Books by Christopher Bunn
The Tormay Trilogy
The Hawk and His Boy
The Shadow at the Gate
The Wicked Day
The Model Universe and Other Stories
The Mike Murphy Files and Other Stories
For Jessica
THE HAWK AND HIS BOY
CHAPTER ONE
DOWN THE CHIMNEY
The man raised his fist again.
“No shirking,” he said. “If you know what’s good for you.”
The boy dabbed at his cut lip and then touched the wall. His fingertips were greasy with blood. The alley they stood in was narrow, but the moon shone down from overhead, glimmering on the stones of the wall. The sweet scent of selia blossoms filled the air.
“Hurry up.”
“I need to get a feel for it first,” said the boy sullenly.

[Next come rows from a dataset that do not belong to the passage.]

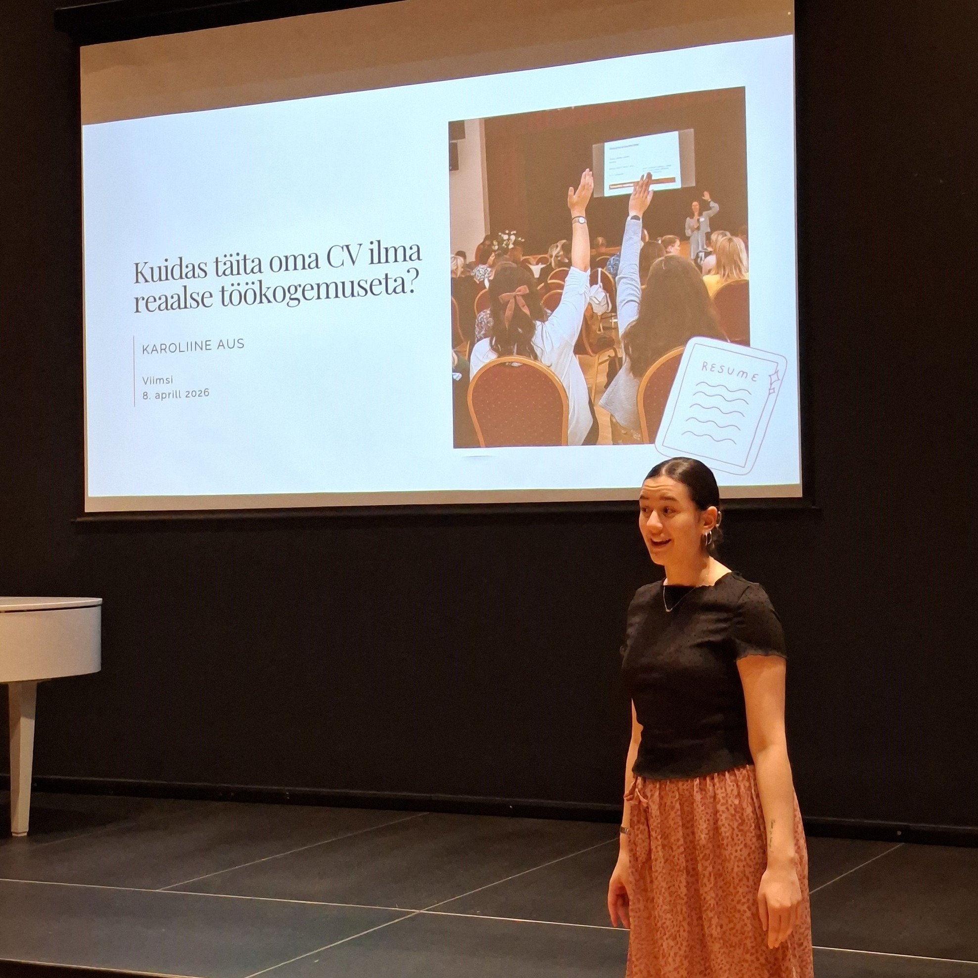 Seekord oli ümarlaua külaliseks Karoline Aus, kes jagas oma kogemusi ning tegi ettekande teemal “Kuidas täita oma CV ilma reaalse töökogemuseta”. Karoline rääkis oma kogemustest õpilasesinduses, noortekogus ja reporterina tegutsedes ning sellest, kuidas ta jõudis noorsootööni. Samuti tõi ta esile, kuidas noorsootöö valdkond on teda toetanud ja milliseid võimalusi pakkunud. Oluline roll tema arengus on olnud ka rahvusvahelisel kogemusel Erasmus+ projektides osalemise kaudu.
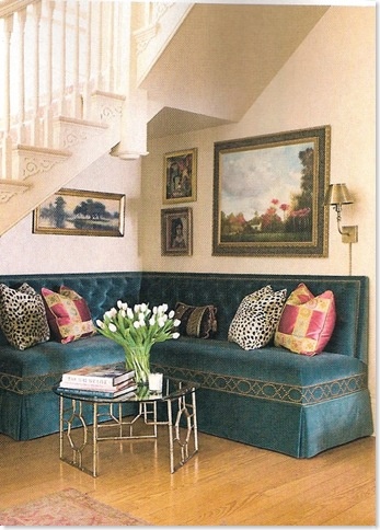 Thank you Thank you Thank you Tina….Now i can sleep. You dont know how this just saved my sanity. I also love velvet. Especially a teal (deeper turquoise). I just ordered a sectional in this color because its what I love and wanted. Well you know, the second guessing starts and my son even said… hmmm, turquoise velvet mom, that sounds a little tacky. So now I can be assured that I am going to love it. Im doing camel velvet with camel and teal fringed pillows on it too. After seeing that banquette, I might need to throw a little animal print on it too… I’ll show them…tacky!! Thanks for the perfect post today. Pam G.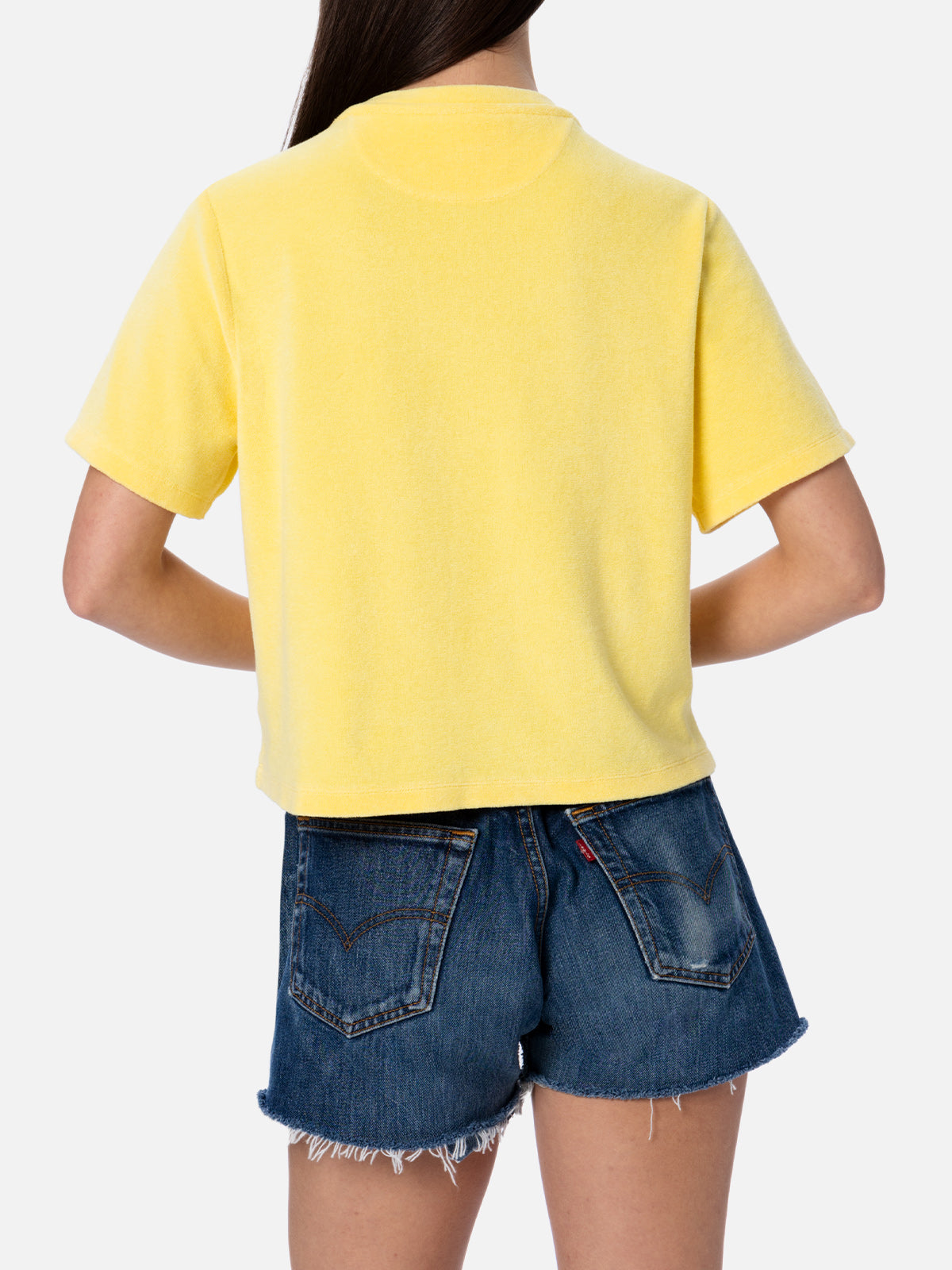 T-shirt da donna girocollo in spugna di cotone giallo pallido Emilie

Only a fool would climb without trying to understand a wall first. No telling what would be there. Ward spells woven into the stones. Holds and ledges that were illusions, melting away once your weight was on them. He leaned his forehead against the wall and closed his eyes. The stones were still warm from the day’s sunlight. And something else.
“The wall’s warded,” said the boy. “It’s listening to us.”
“So be silent.”
The boy cinched the knapsack on his back tight and began to climb. He was the best of the Juggler’s children. The tiniest edge of rock was a foothold or a handhold to him. If he had been given a wall reaching up to the sky, he could have climbed it. Even up to the stars.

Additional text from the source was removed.